From: Jim Battle <frustum_at_pacbell.net>
Date: Sat Apr 21 02:37:49 2001

At 12:47 AM 4/21/01 -0400, Allison Parent wrote:
>From: Jim Battle <frustum_at_pacbell.net>
> >Unless you are doing financial work where the fractional numbers tend to be
> >inherently decimal, BCD arithmetic, for a given number of bytes of storage,
> >is less accurate than binary. As a BCD byte can represent only 100 states
> >vs 256 for binary, you are going to lose more than one bit of accuracy per
>
>Sinppage....
>
>Never confuse accuracy with resolution or range.

Yes, they are three different things. Range is not in question here (which
is determined mostly by the exponent and base of the exponent). So we are
left with accuracy and resolution (back in high school I was taught the
terms accuracy and precision.). I don't know how your (accurate) statement
clarifies the matter at hand. I claim that a floating point representation
specifies precision and has nothing to say about accuracy (other than
accuracy is limited by precision).

To clarify, say a number is 175.136985. This represents my weight very
precisely, but whether it is accurate or not is a different matter.

>Most BCD systems were less prone to truncation, rounding and other
>cumulative errors within their range. Binary for the number of bits gave
>more resolution but sometimes at the expense of accuracy.

Again, I must be missing something, or perhaps it is a definitional
thing. I've given my definition for precision (or what you call
resolution) and accuracy. I claim accuracy is largely outside the scope of
a number representation. Perhaps you and others have a different
definition than I do and are also internally consistent. I'd like to hear
it, since I keep running into it and don't understand it.

As for truncation, this is exactly the example I give below. 0.1 (decimal)
is a non-repeating fraction in binary, and so might show up as
0.09999999999999 when converted back to a decimal output string. It is
very conveniently and exactly representable in BCD and so won't suffer this
type of problem. This is kind of unfair, because it just so happens that
this example has chosen a number that matches the base. Also, although it
might look wickedly different from 0.1, the error is only 10^-14.

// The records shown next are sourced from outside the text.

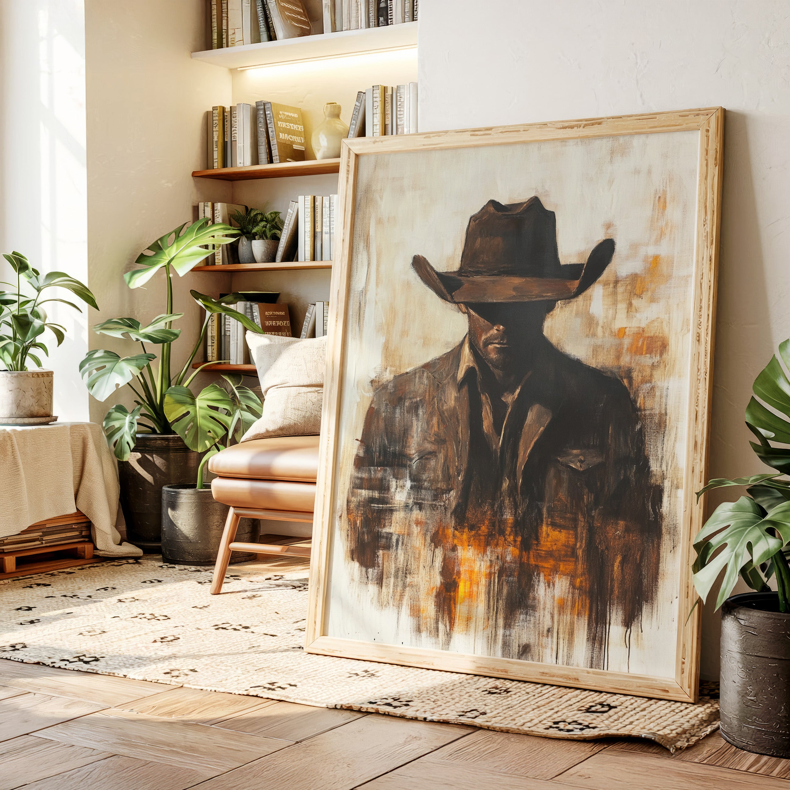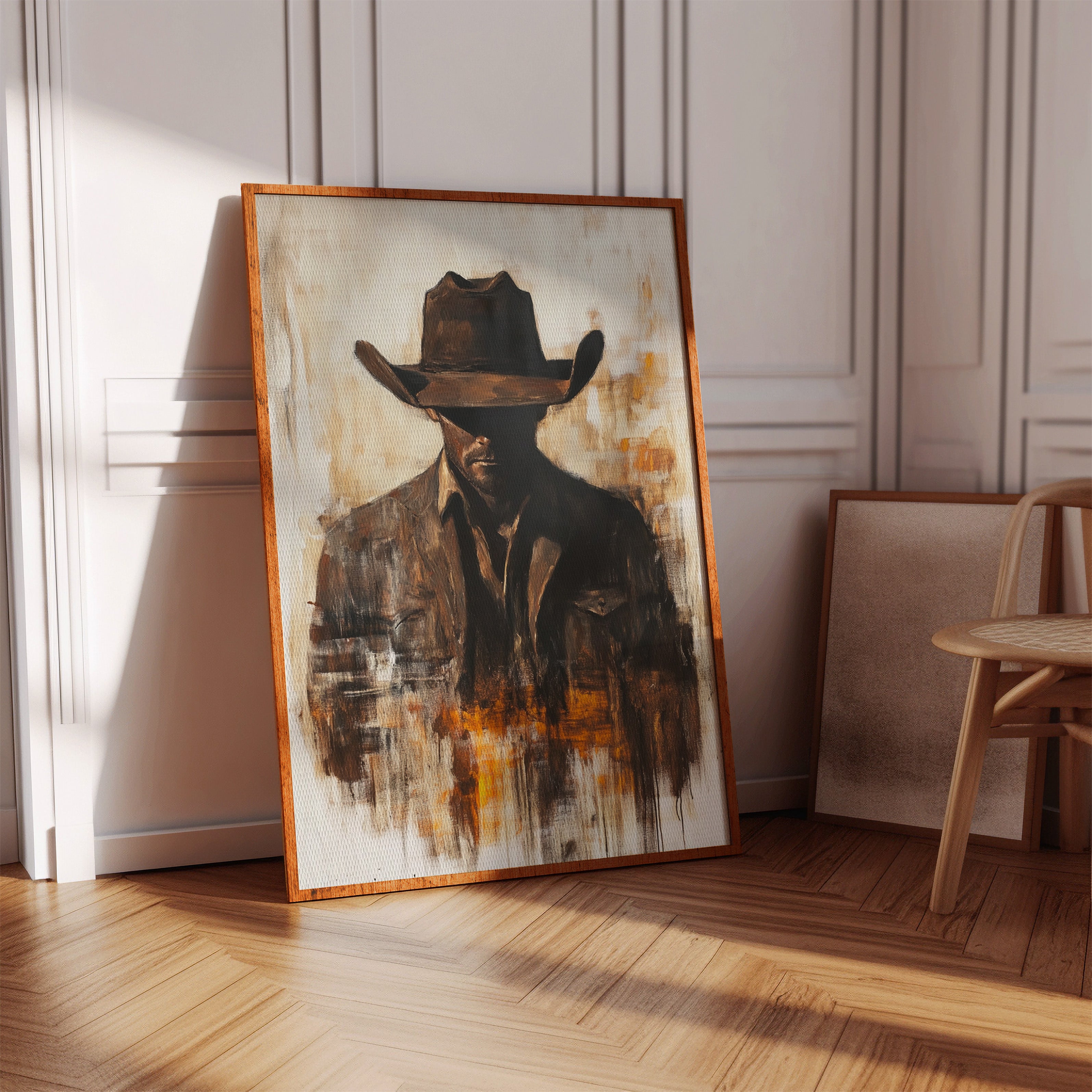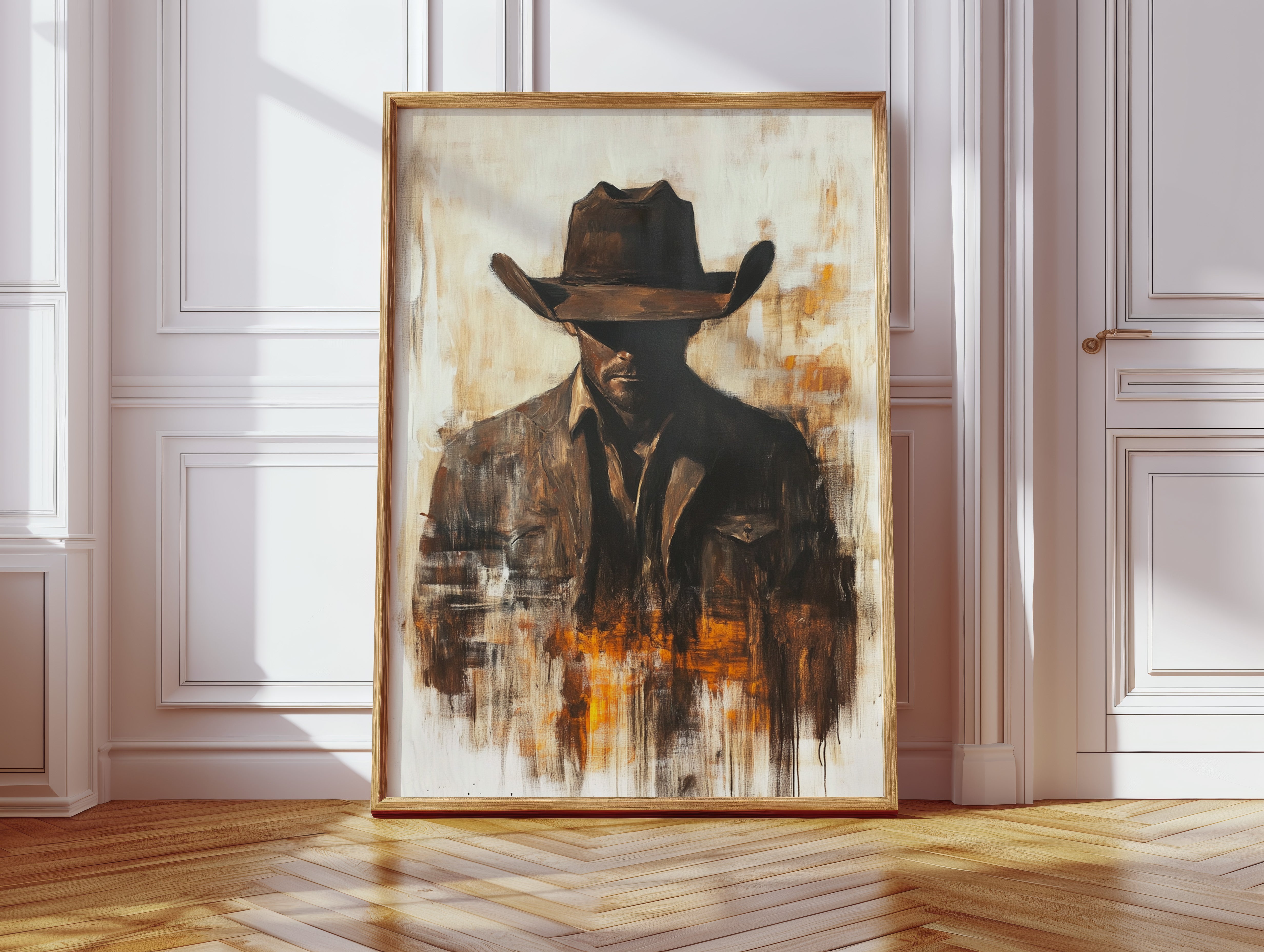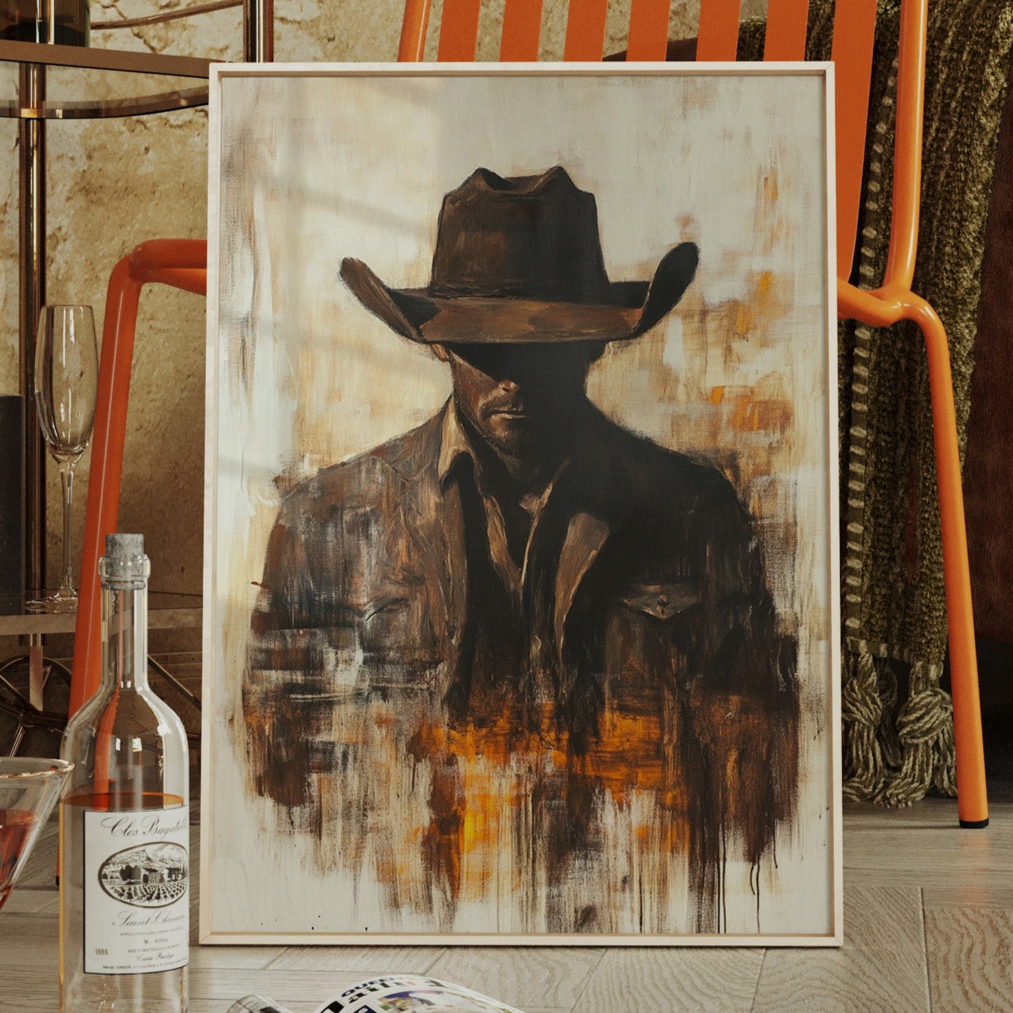 Stoic and weathered, this cowboy stands in half-shadow—hat low, expression unreadable. Burnt orange hues and bold brushstrokes echo the grit of the open frontier.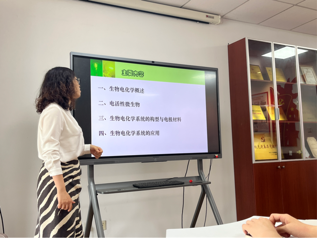 吴夏芫老师通过介绍日常生活中常见的电化学系统,以生动形象的讲解激发了同学们对生物电化学的兴趣。最后吴夏芫老师还将电化学研究与同学们的专业知识相联系,勉励同学们夯实基础,努力学习,成为生物行业的佼佼者。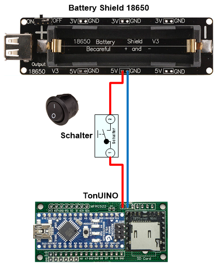Versorgung aus Power Bank / Battery Shield mit einfachem Schalter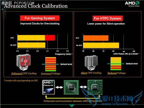 ACC全称为Advanced Clock Calibration——高级时钟校准功能,它其实就是内建在SB750南桥的一颗控制器。SB750有六组线路直接连上AMD Phenom处理器,能实时监控AMD Phenom处理器内部时钟并快速修正,配合OVER Driver软件能进一步提升AMD Phenom处理器的超频空间。从前ACC的设置范围为-2到0,而SB750推出以后,允许设置的范围增加到-12到12。ACC值越高,就更利于CPU超频,而较低的ACC值则可使CPU运行在低电压的节能状态。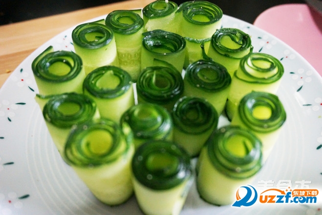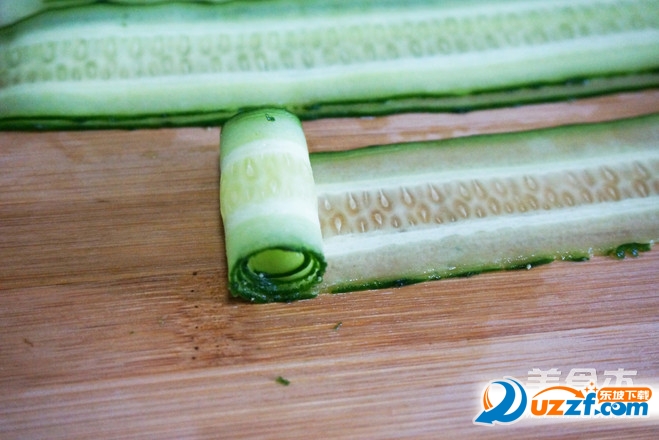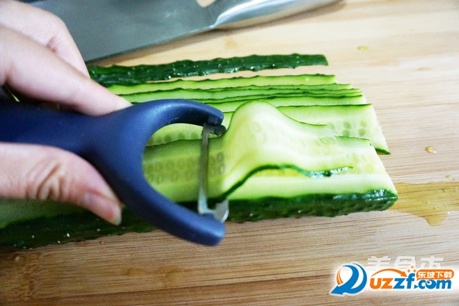 黄瓜洗净,用刮皮器刮成片状。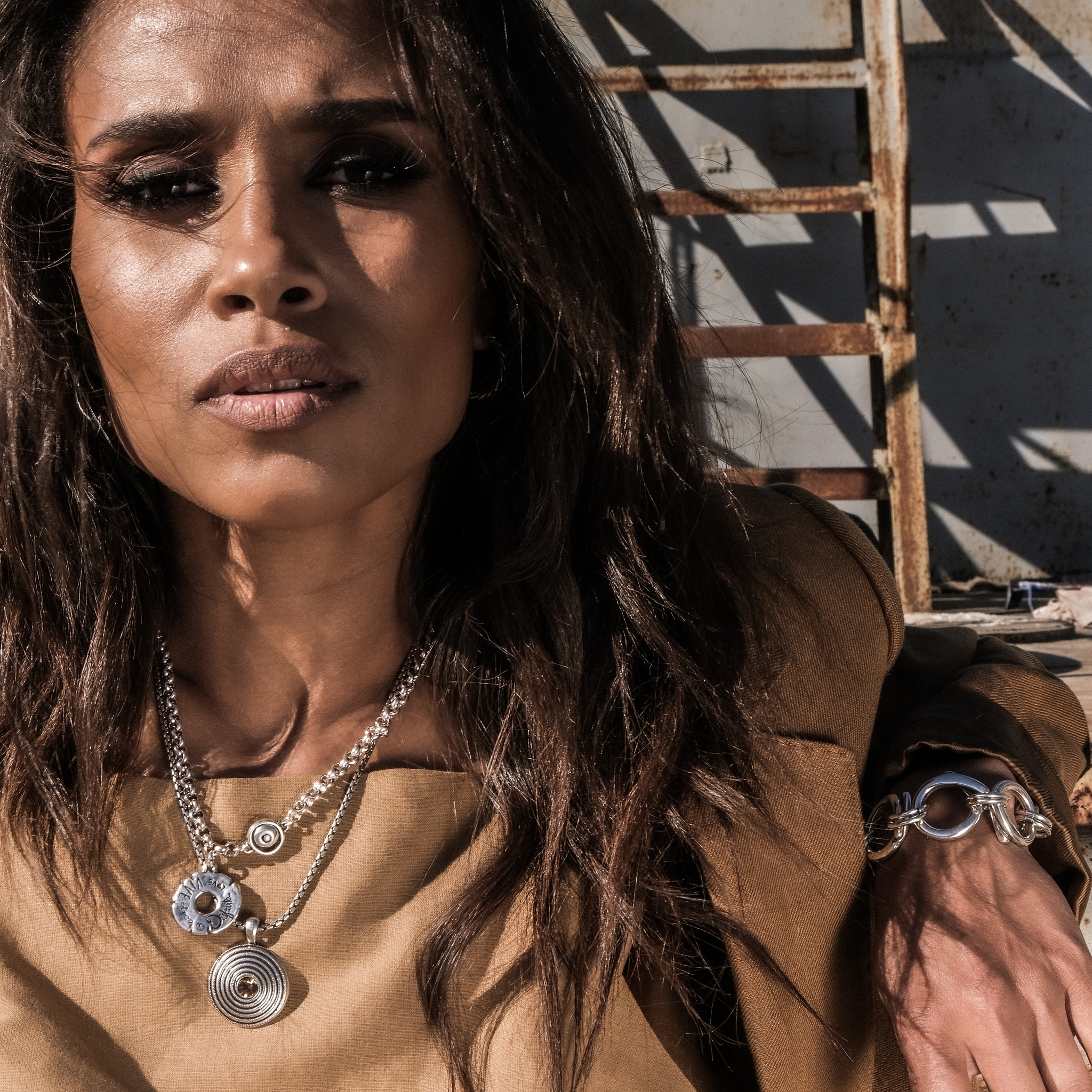Колье выполнено из сплава zamak с щедрым покрытием серебром, вставка из смолы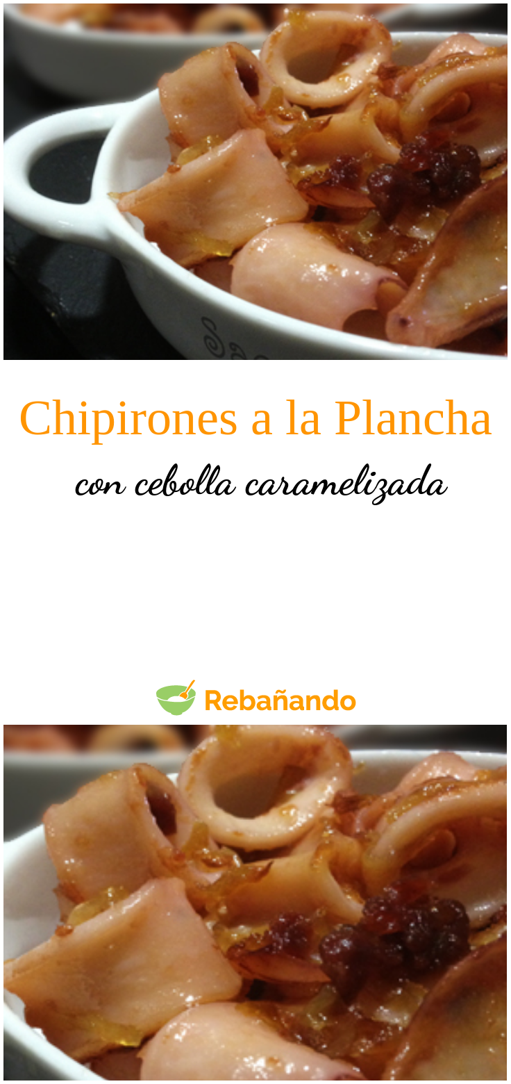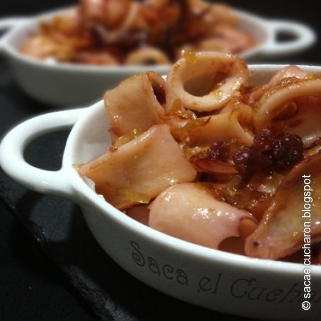 Unos ricos chipirones con el sabor dulce que le aporta la cebolla caramelizada.
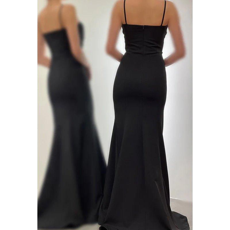 Vestido de fiesta de alta costura con tirantes finos, corte trompeta y escote corazón, con pedrería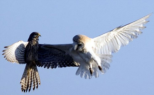 “能看到這一幕真的非常不可思議。谷倉貓頭鷹堅(jiān)持不懈的尋找野鼠一類的食物,但每次總會(huì)遭到茶隼的襲擊! 據(jù)攝影師介紹:“它們在空中展開激烈搏斗,最終貓頭鷹會(huì)選擇放棄,并丟下自己的獵物逃跑,但貓頭鷹還會(huì)再回來。這種戰(zhàn)斗會(huì)進(jìn)行好幾次,直到茶隼吃飽喝足,貓頭鷹才能安心享用自己所捕到的食物。”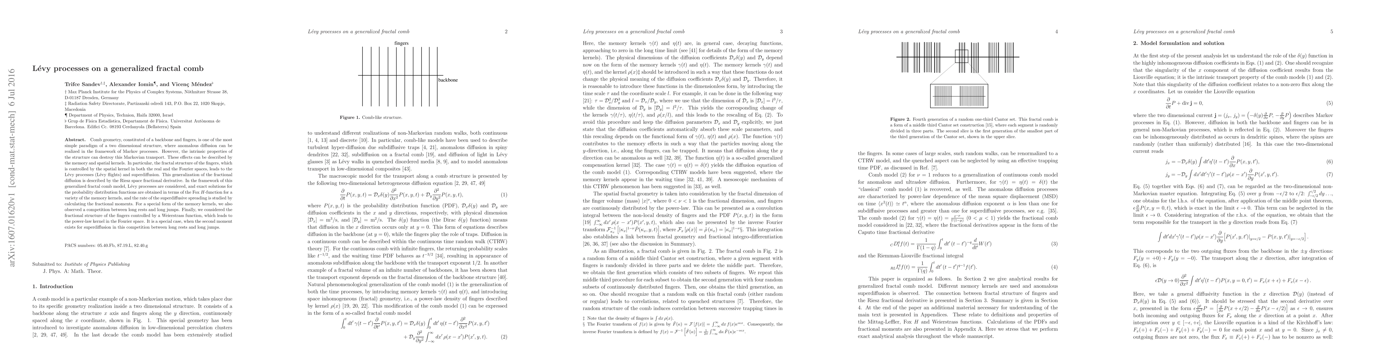 Comb geometry, constituted of a backbone and fingers, is one of the most simple paradigm of a two dimensional structure, where anomalous diffusion can be realized in the framework of Markov processes. However, the intrinsic properties of the structure can destroy this Markovian transport. These effects can be described by the memory and spatial kernels. In particular, the fractal structure of the fingers, which is controlled by the spatial kernel in both the real and the Fourier spaces, leads to the L\'evy processes (L\'evy flights) and superdiffusion. This generalization of the fractional diffusion is described by the Riesz space fractional derivative. In the framework of this generalized fractal comb model, L\'evy processes are considered, and exact solutions for the probability distribution functions are obtained in terms of the Fox $H$-function for a variety of the memory kernels, and the rate of the superdiffusive spreading is studied by calculating the fractional moments. For a special form of the memory kernels, we also observed a competition between long rests and long jumps. Finally, we considered the fractional structure of the fingers controlled by a Weierstrass function, which leads to the power-law kernel in the Fourier space. It is a special case, when the second moment exists for superdiffusion in this competition between long rests and long jumps.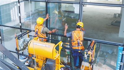 “稳住!再精准一点,玻璃幕墙对接要严丝合缝,可不能马虎!”来自四川的施工师傅李明,一手紧握操作杆,一手比划着指令,额头上的汗珠顺着脸颊滑落。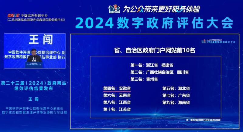 在省、自治区政府门户网站评估结果中,安徽省再次跻身全国前十,位列第4名。

If, on the other hand, you want to know what is sin(0.1), I claim the
binary representation is more precise (and thus allows more accuracy;
accuracy here depends on the implementation of the trig algorithms and not
inherently in the number system).

The counter example is that 0.11111 (base 16) [that is, 2^-4 + 2^-8 + 2^-12
+ 2^-16 + 2^-20] is exactly representable in a binary number system, but
not in an 8B BCD number representation because there isn't enough precision
to hold all the digits.

> >So, OK, 0.1 (base 10) can't be exactly represented in a binary format, but
> >0.11111 (base 16) can't be represented exactly in an 8B BCD representation.
>
>If you meant .1 and got .11111 that would be a significant error! same for
>say meaning .1 and getting .09999.

nope, I didn't mean that at all.

maybe I should give up and take this to the alt.ieee.vs.bcd.floating-point
newsgroup. :-)


-----
Jim Battle == frustum_at_pacbell.net
Received on Sat Apr 21 2001 - 02:37:49 BST